At all times, also, there’s the sense that the series now takes place in a different world. That point was made succinctly enough when the photo of Bill Clinton on Skinner’s wall changed to one of George W. Bush in the middle of season eight, but now, especially with that episode-ending dedication, it’s not hard to look at The X-Files and suddenly see its age, see how it’s a part of the decade that birthed it and realize that it’s not going to be able to adapt to the new world it finds itself in. It probably feels insensitive to look at the tragedy of Sept. 11 through the prism of a television show, but I’d argue in this case, at least, it’s necessary. The X-Files was born in an age of peace and prosperity, and it spat in the face of those with a kind of earnest cynicism. When it came to an end, the United States was involved in a war that has yet to end, and fewer people were worried about whether they were protected from the government than were worried about whether the government could protect them. Not every show that struggled to respond to Sept. 11 ultimately fell apart—The West Wing eventually found its way back—but in The X-Files, we have a prime example of a show that was no longer necessary once reality made conspiracy-based horror redundant.

Stray observations:

  • Welcome to the reviews of the final season of The X-Files! This show has so often come so close to being discontinued at this site that it’s a relief to announce we’ll be done with it entirely in just a couple of months. You also might appreciate how the new site design makes it easier to separate out X-Files reviews from Millennium ones on the shows’ individual landing pages and how it will allow Zack and I to enter individual grades for every episode, instead of having to average them out.
  • There are some nice gags about the cancellation of The Lone Gunmen when the Lone Gunmen show up to commiserate with Doggett. As it turns out, they’re all “unemployed.” (I also enjoyed Frohike being unable to see out of the peephole in the door.)
  • The “nothing important happened today” story that Kersh tells Doggett near the end of episode two feels like bullshit. I need one of you historians to tell me its bullshit.
  • I was going to keep a counter of how often Scully says “baby,” because everything I’ve read about this season indicates she says it a lot. But I forgot. My apologies.
  • The image of a headless Knowle leaping up to stab Shannon through the midsection should feel scarier than it does. It also sort of ruins the moment at the end of the episode when Scully dreams about Shannon’s eyes opening at the bottom of the ocean, because wouldn’t we expect that to happen now?
  • I always enjoy seeing some old-fashioned detective work on this show, but Doggett going through and calling all the members of the platoon feels like padding.

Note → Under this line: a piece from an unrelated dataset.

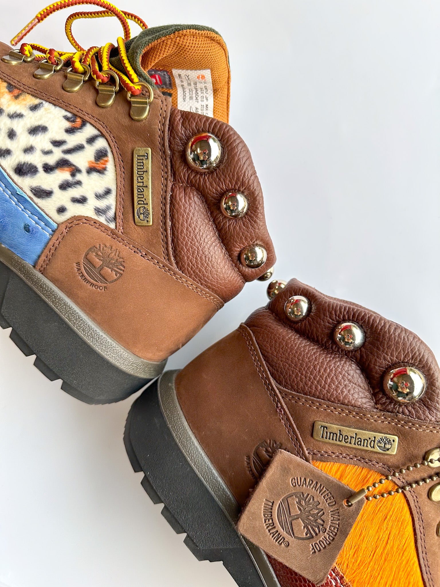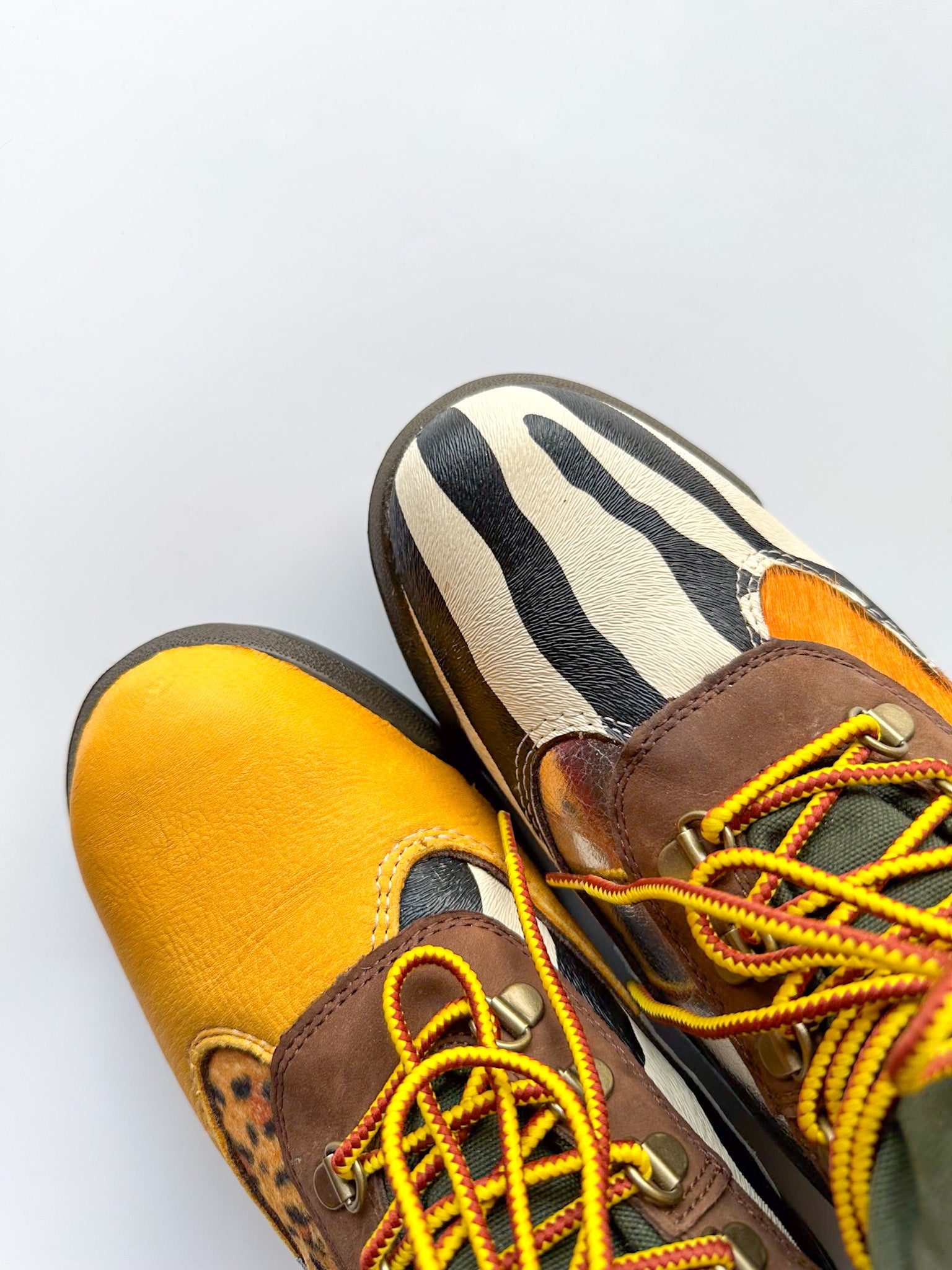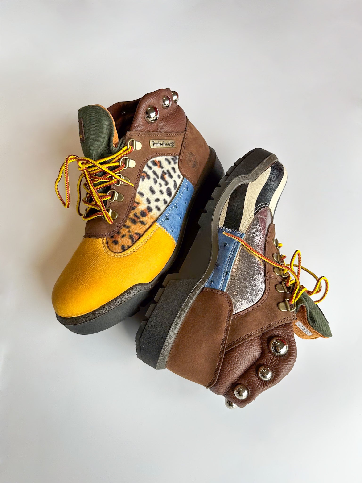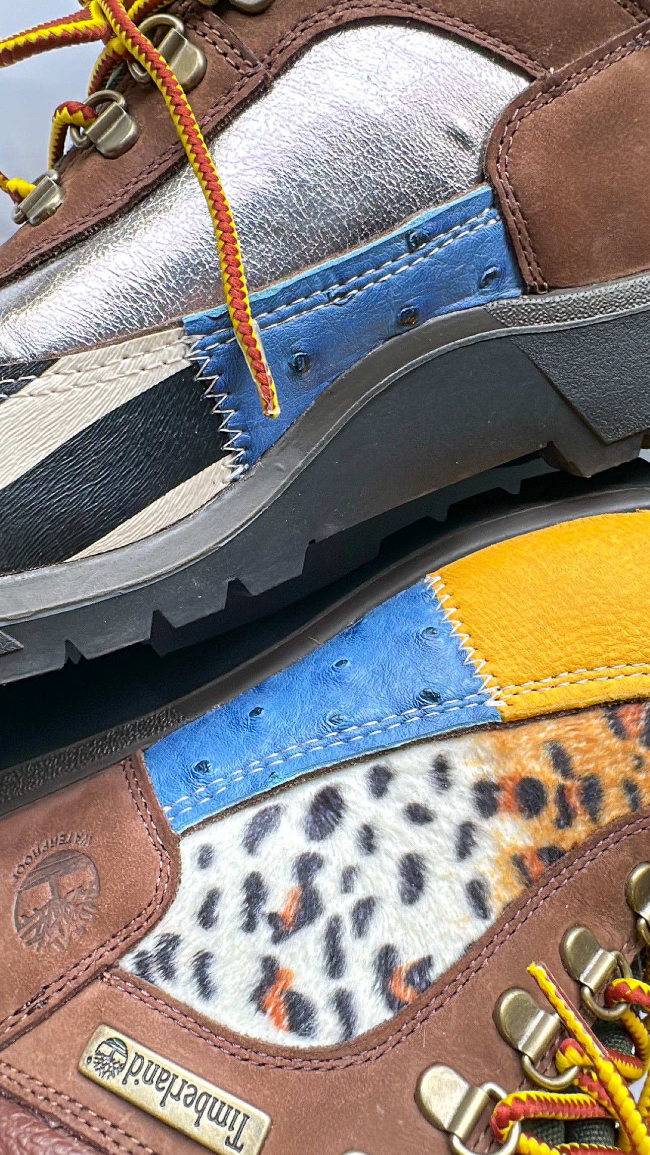 Zebra print/blue ostrich/orange cowhide/silver leather, lizard skin, yellow lamb skin leather and leopard print fabric cut to pattern, glued and machine stitched onto canvas boot! Silver dome studs screwed into uppers(OPTIONAL) and laced with yellow/brown Timberland shoe laces.

  • Let’s not forget to talk about the show’s redone opening credits, altered both to remove Mulder and to add Reyes and Skinner. The credits were actually due for a revamp, but I’m not sure how I feel about a lot of the imagery in the new ones, which rather make everything look strangely like an After Dark screen-saver, particularly that final shot of the young boy—probably William?—who appears to be standing on a telephone wire or something.